**HOW TO COMPLETE THIS TASK**:
Return, unchanged and with no pictures, the lines below from the very first through the one that contains "WXM236+CKM323--High-intensity sports bra".

**GIVEN MATERIAL**:

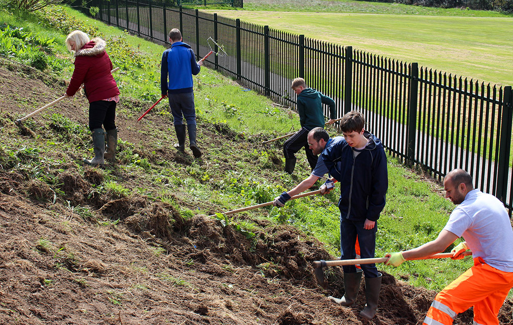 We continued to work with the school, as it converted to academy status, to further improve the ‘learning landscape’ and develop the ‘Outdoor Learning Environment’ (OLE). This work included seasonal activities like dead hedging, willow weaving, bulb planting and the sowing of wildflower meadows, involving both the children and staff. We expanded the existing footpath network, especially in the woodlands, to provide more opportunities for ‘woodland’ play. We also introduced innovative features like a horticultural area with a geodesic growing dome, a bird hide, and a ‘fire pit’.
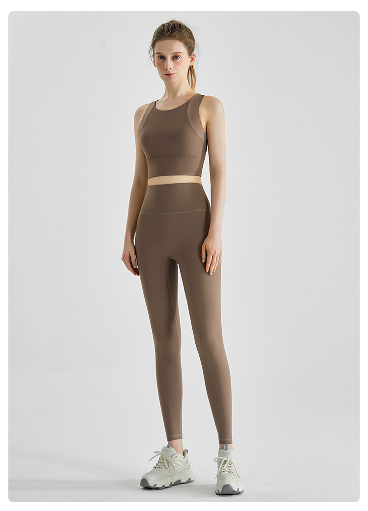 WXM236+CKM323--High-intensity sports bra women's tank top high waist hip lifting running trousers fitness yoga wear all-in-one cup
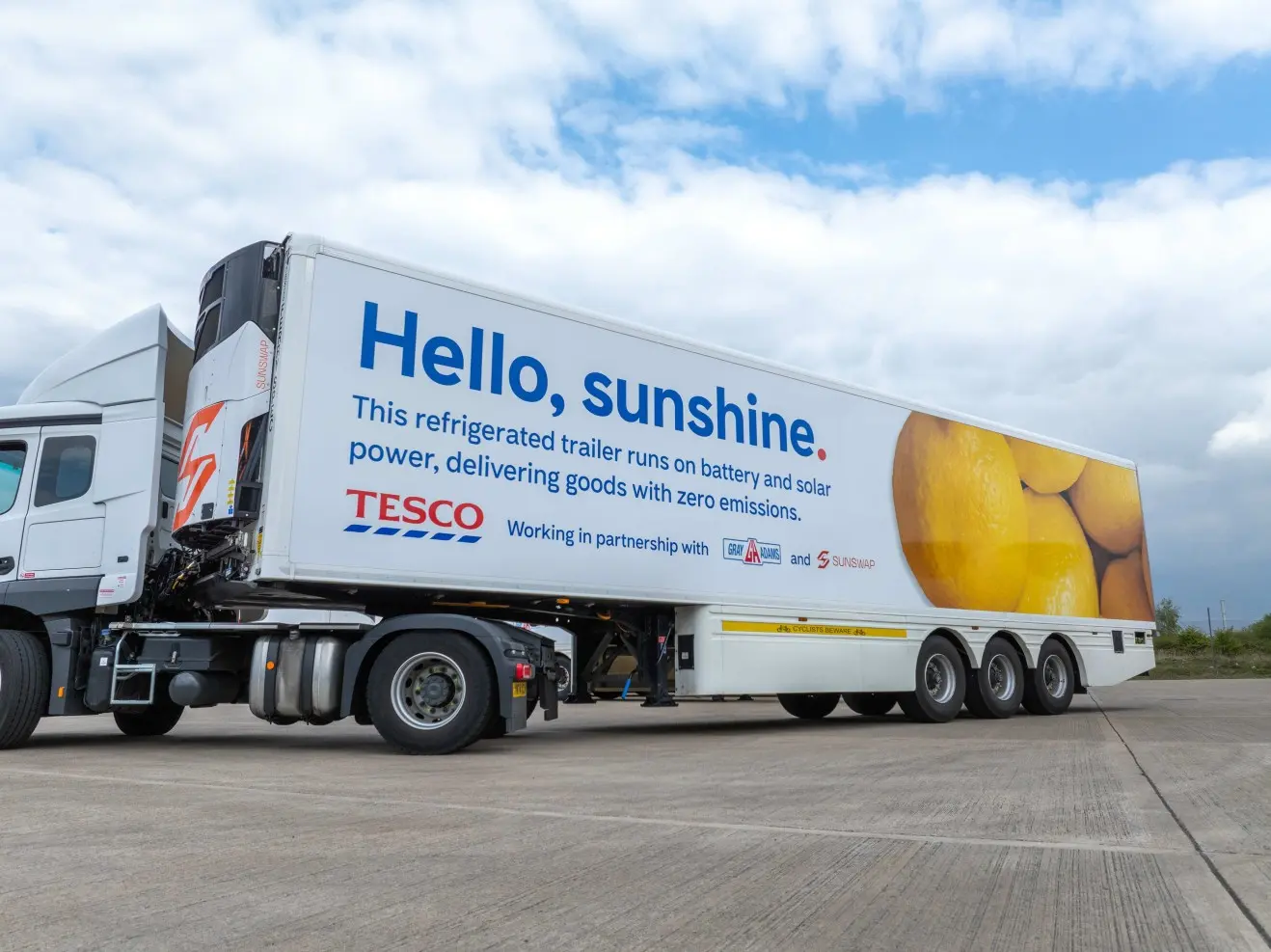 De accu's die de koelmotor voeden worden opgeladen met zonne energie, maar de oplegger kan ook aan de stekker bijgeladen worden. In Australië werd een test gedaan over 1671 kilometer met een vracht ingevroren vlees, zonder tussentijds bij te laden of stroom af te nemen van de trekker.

**THE COMPLETED TASK**:
 We continued to work with the school, as it converted to academy status, to further improve the ‘learning landscape’ and develop the ‘Outdoor Learning Environment’ (OLE). This work included seasonal activities like dead hedging, willow weaving, bulb planting and the sowing of wildflower meadows, involving both the children and staff. We expanded the existing footpath network, especially in the woodlands, to provide more opportunities for ‘woodland’ play. We also introduced innovative features like a horticultural area with a geodesic growing dome, a bird hide, and a ‘fire pit’.
 WXM236+CKM323--High-intensity sports bra women's tank top high waist hip lifting running trousers fitness yoga wear all-in-one cup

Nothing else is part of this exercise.